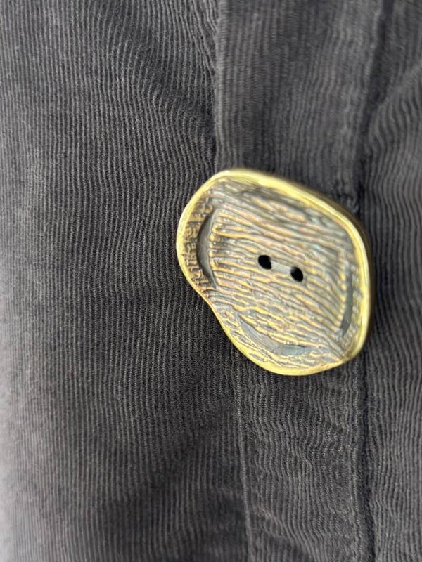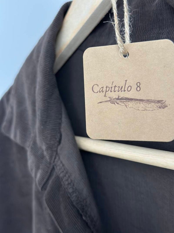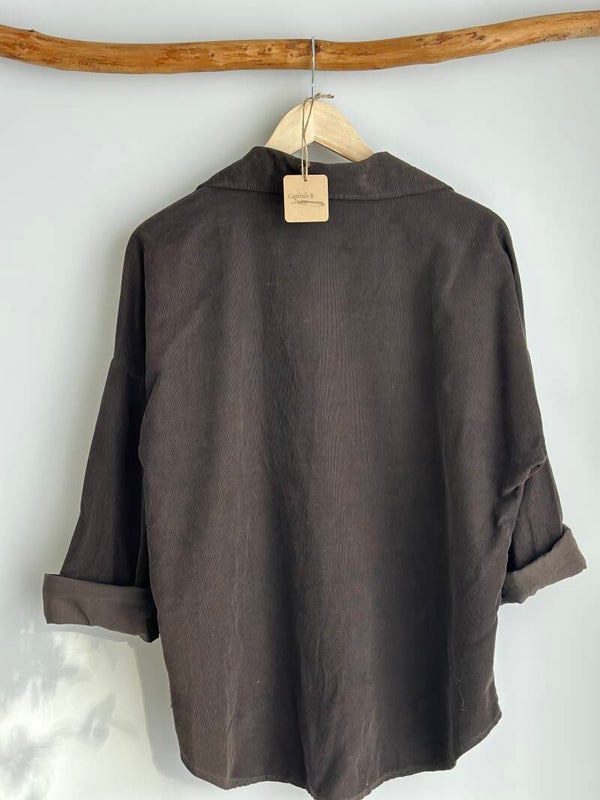 Camisa suave y ligera de pana 100% algodón con botón de color dorado.
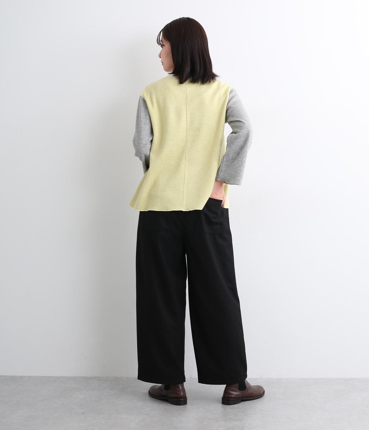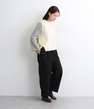 ほどよい厚みとあたたかさを備えたウール混素材。ふんわりとした風合いながら軽いはき心地です。ウォッシャブル仕様なので、ご自宅で手洗いができるのもうれしい。
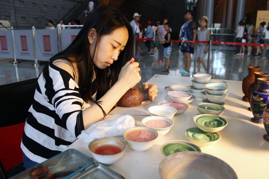 This year, the Capital Museum is celebrating 35 years of its opening with the ongoing exhibition Eight Marvelous Handicrafts of Beijing. The best of the city’s traditional craftsmanship in enamel, lacquerware and more is being exhibited through nearly 270 sets of handicraft articles on the show that runs through Nov 9.

--------

* **Problem statement**: Write out the whole listing exactly. Do not include the pictures.

* **Answer below**:
 Camisa suave y ligera de pana 100% algodón con botón de color dorado.
 ほどよい厚みとあたたかさを備えたウール混素材。ふんわりとした風合いながら軽いはき心地です。ウォッシャブル仕様なので、ご自宅で手洗いができるのもうれしい。
 This year, the Capital Museum is celebrating 35 years of its opening with the ongoing exhibition Eight Marvelous Handicrafts of Beijing. The best of the city’s traditional craftsmanship in enamel, lacquerware and more is being exhibited through nearly 270 sets of handicraft articles on the show that runs through Nov 9.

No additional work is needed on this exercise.